FCA 1980 vis-à-vis the Northeast:
- In 1996, the Supreme Court expanded the term “forest land” in the FCA in the Godavarman case to “not only include ‘forest’ as understood in the dictionary sense, but also any area recorded as forest in the Government record irrespective of the ownership” called as the “deemed forest”, thus extending the FCA to unclassed forests.
- These are recorded forests but not notified as forests.
- More than half of the Northeast is Recorded Forest Area (RFA).
- Of this, 53% are unclassed forests controlled by individuals, clans, village councils or communities, and governed by customary law and procedures.
- The remainder is notified forest controlled by the State Forest Departments.
- RFA ranges from 34.21% in Assam to 82.31% in Sikkim with Mizoram having 35.48%, Meghalaya 42.34%, Nagaland 53.01%, Arunachal Pradesh 61.55%, Manipur 78.01% and Tripura 60.02%.

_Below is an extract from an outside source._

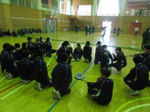 本日は、生徒会主催による「3年生を送る会」が開かれ、子どもたちは楽しくドッチビーを行い、交流を深めていました。
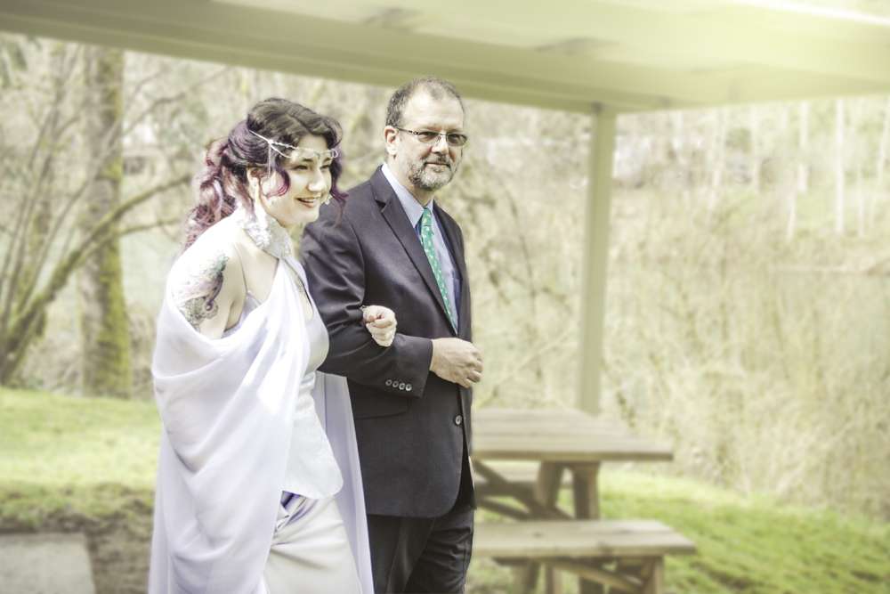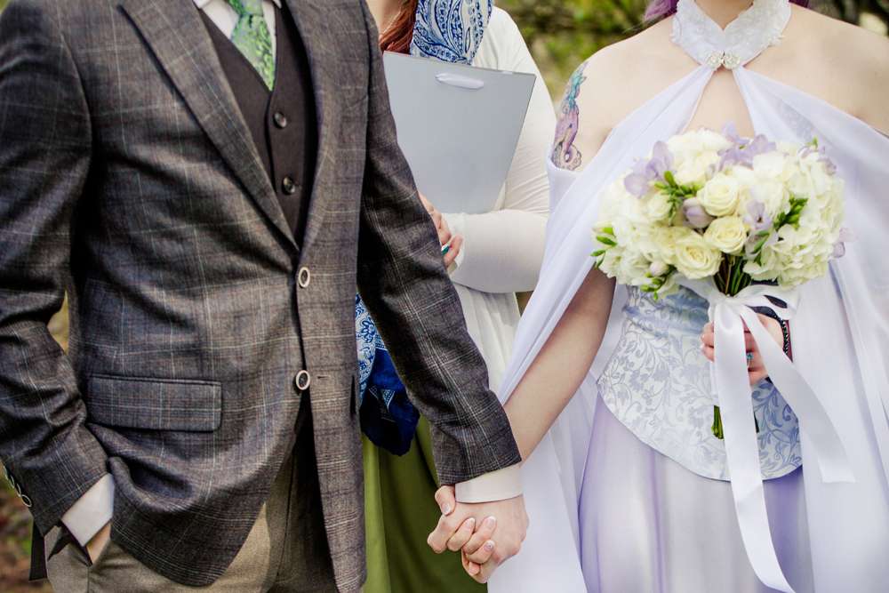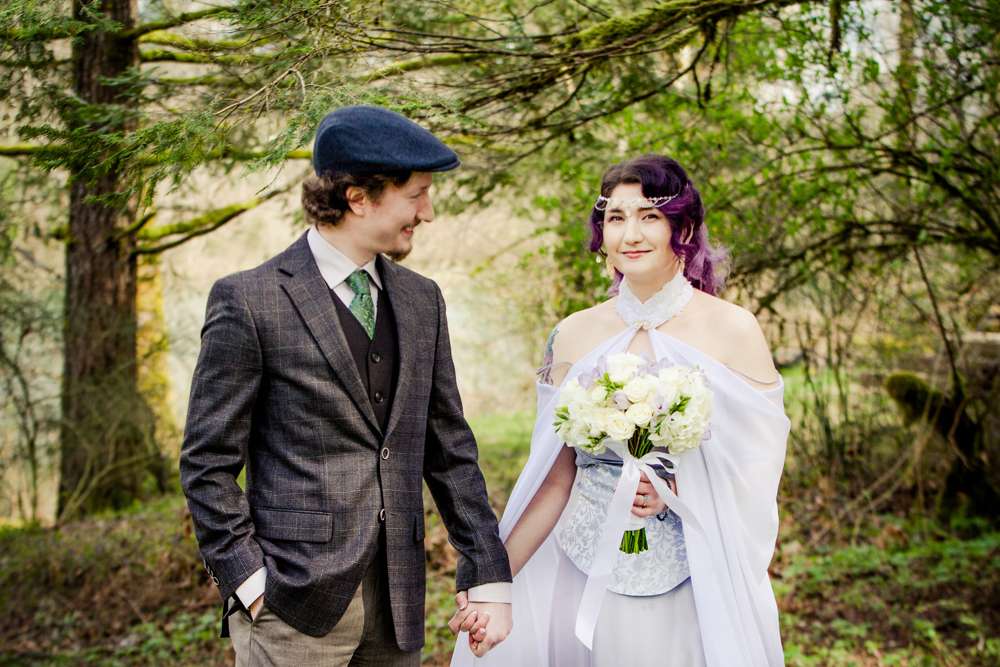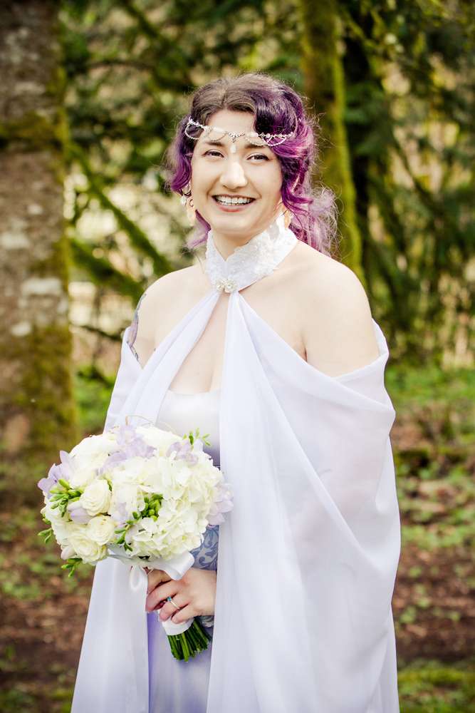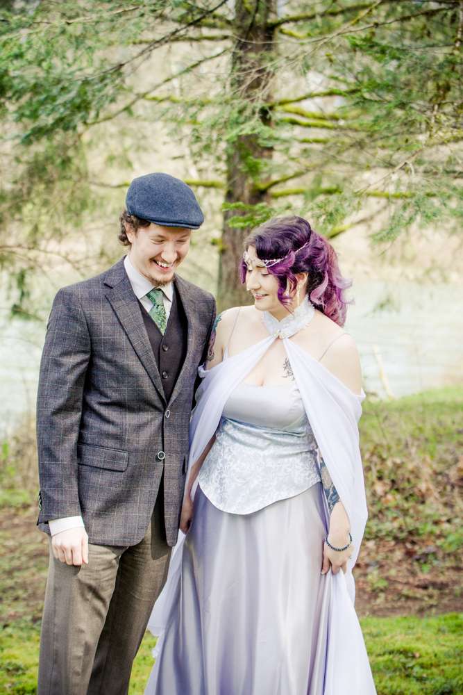 As a hint to their theme, Mercedes wore fantasy inspired accessories with her wedding dress. “I have a bit of an alternative appearance and style and chose to wear a light blue and lavender dress as well as Elven and fantasy inspired accessories. Roman has bit of an eclectic and vintage style and was happy that he wore something a bit different from a standard tuxedo.”

- Of these, unclassed forests range from nil in Sikkim to 97.29% in Nagaland, with 15.47% in Mizoram, 33.43% in Assam, 42.96% in Tripura, 75.67% in Manipur and 88.15% in Meghalaya.
- The apex court’s 1996 order brought unclassed forests under the FCA’s purview everywhere except in Nagaland.
- There are also forests outside RFA, neither recorded nor surveyed: 38.5% of the cover in Assam; 29% in Nagaland; and 1.5% in Mizoram.
FRA 2009 vis-à-vis the Northeast
- In the Scheduled Tribes and Other Traditional Forest Dwellers (Recognition of Forest Rights) Act (FRA) 2006, “forest land” includes:
- unclassified forests,
- undemarcated forests,
- existing or deemed forests,
- protected forests,
- reserved forests,
- Sanctuaries and National Parks.
- These States can take suo motu cognisance of the existing rights and obtain the concerned Gram Sabha approvals for issuing titles.
- The Ministry of Tribal Affairs can also issue legally enforceable directions under Section 12 of the FRA, paving the way for this.
- But none of the Northeast States have implemented FRA except for Assam and Tripura.
FRA compliance under FCA
- States can formulate and take legal measures to ensure mandatory fulfillment of the FRA before recommending a forest diversion proposal, and ensuring Gram Sabha consent before handing over forest land.
- The Ministry of Tribal Affairs can also issue legally enforceable directions under the FRA, or even enact a separate law, to recognise and settle forest rights when forests are diverted for other purposes and forest-dwellers are relocated, as forest rights fall squarely within its Business Rules.